The Contradiction of Solitude

George didn’t hear me. Too busy counting his money.

“Can you get the case for this pretty thing out of the back? I’ll put it in the storeroom until it’s picked up. Margie has the receipt at the counter.” George continued talking but my head felt full.

“Yeah, sure,” I said.

I went back to my workbench and sat down. Tate was busy working. Stan and Nathan were out back having a smoke.

I stared down at the wood in front of me, knowing I should work. But I couldn’t. I felt as though I had lost something important.

Something integral.

I should never have let George keep that guitar. I should have killed him for it.

Killed him?

I shook and shuddered at the unwelcome thought.

What was wrong with me?

I picked up the Dremel and started to carve and smooth out the design on the body. Long curves. Careful points.

My mind drifted.



I ran far and I ran fast. I packed my bags, taking only the necessary things and I got the hell out of there.

My dad was dead.

My sister—

I still couldn’t let my mind wrap around the reality of the world I woke up in. It was horrible. It was scary. I wanted nothing to do with it.

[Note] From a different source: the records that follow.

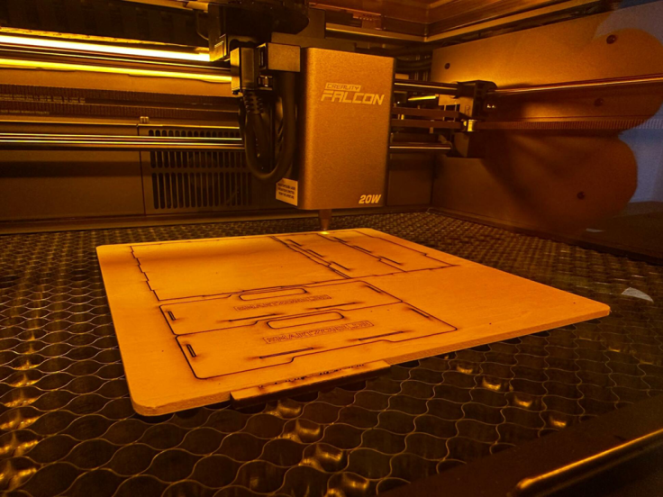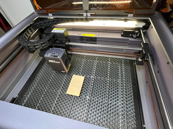 The blue laser handles standard materials effectively across the available work area. Three-millimeter basswood cuts cleanly at 520mm/min using 90% power in single passes. The 0.08x0.10mm focused spot produces detail suitable for precise engraving and cutting work.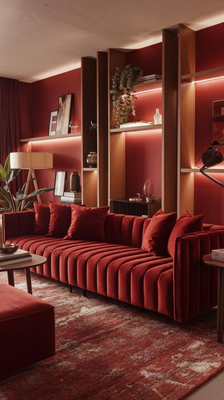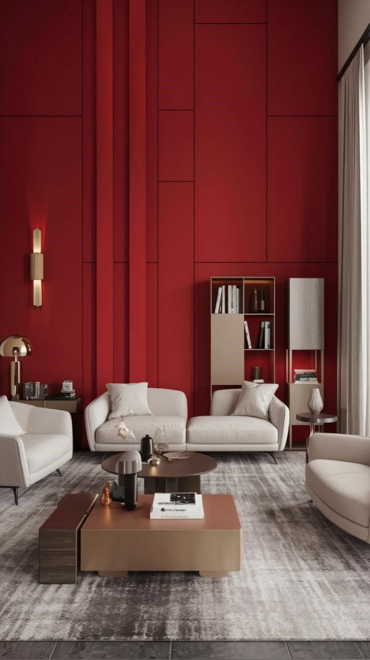 •Tip: Si lo quieres en casa, úsalo en acentos (sillas, cojines, cuadros). Un muro completo rojo puede ser sofocante si no se equilibra con neutros.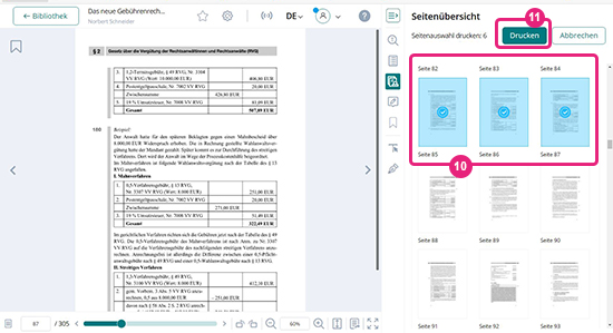 Nun können Sie die zu druckenden Seiten per Mausklick auswählen. Um Ihnen die Auswahl zu erleichtern, werden in der Druckansicht rechts die Seiten aus der direkten Umgebung zu der von Ihnen in der Leseansicht geöffneten Seite angezeigt. Dass Ihre Auswahl übernommen wurde, erkennen Sie an den eingekreisten Haken, die anschließend auf den entsprechenden Seiten erscheinen (10). In einem einzelnen Druckauftrag können max. 10 Seiten am Stück gedruckt werden.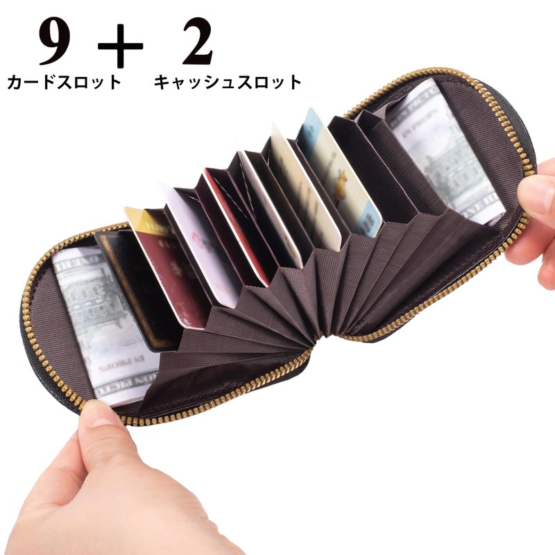 - 【Large Capacity】Small size but large capacity, can store up to 11 cards. With 9 built-in card slots and 2 cash slots, you can put credit cards, banknotes, coins, business cards, ID cards and so on. Clear layout makes it easy to find what you need
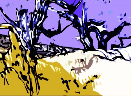 Morgens mit Filzi im Olivenhain (Zwei Skizzen, acht Bearbeitungen)

I doubted my mother would even realize I was gone. She had stopped caring about anything just after Amelia…

I hitchhiked out of town. I had enough money to catch a bus to Pittsburg. After that, I had no plan. No idea what I was going to do.

I was a fifteen-year-old kid, living in a state of shock that I had yet to recover from. A shock that was three years old. I was paranoid he’d find me. That he’d take me away just like he had taken my sister. It didn’t matter that he was locked away. I was convinced he’d find a way to get me.

The star…

I slept under bridges. I blew old dudes for cash. I didn’t think anything of dirtying my knees if in doing so I had enough money to eat one more meal.

And every day the voices became louder.

They screamed at me to go home.

They screamed at me to run even farther away.

Until that day came when I cut my own neck. Sliced it. Back and forth. Up and down with a rusty knife.

The first drops of blood made everything go quiet.

Blissful solitude.

Alone.

It’s how I liked it.



I stopped working on the guitar and dropped the steel wool. I felt off. But I knew one thing.

I had to see her.

I grabbed my smokes and snatched Tate’s lighter off his bench, ignoring his protests.

I walked out the door and headed across the street. To the place where I knew I could find her.

I lit my cigarette and blew out smoke. It covered me. I wished it would make me invisible.

I saw her through the window. She never knew I was there.

I could watch her and watch her forever.

There was something powerful about observing Layna without her permission. She held all the cards. But right now, I did.

I could notice things she didn’t want me to see.

Like how she curled her lip in disgust at the jerks drinking their coffee and reading Kierkegaard.

Her face would soften when she’d stare off into space. Listening to the words only she could hear.

I leaned my forehead against the glass, not caring that everyone saw me.

Everyone but her.

I was sick. A fucking nut job. I was essentially stalking some woman I was ridiculously attracted to.

I was losing my ever-loving mind.

And then she looked up.

Our eyes met.

Coal Black.

And it all made sense.

We were perfect in our mad sanity.





I was stuck. Unmoving.

Lost…

I’m not sure how it happened. I was upstairs, sorting through the books that had been misplaced by inconsiderate hands. It was quiet, oh so quiet. The whispered conversations muted by bound pages.

Up here I felt alone. How I liked it. Where I belonged.

And then there was a rush of air. The prickle of goose bumps along my arm.

The wafting of tobacco and spearmint filled my nostrils. Murmurs of forgotten voices, pleading and frantic.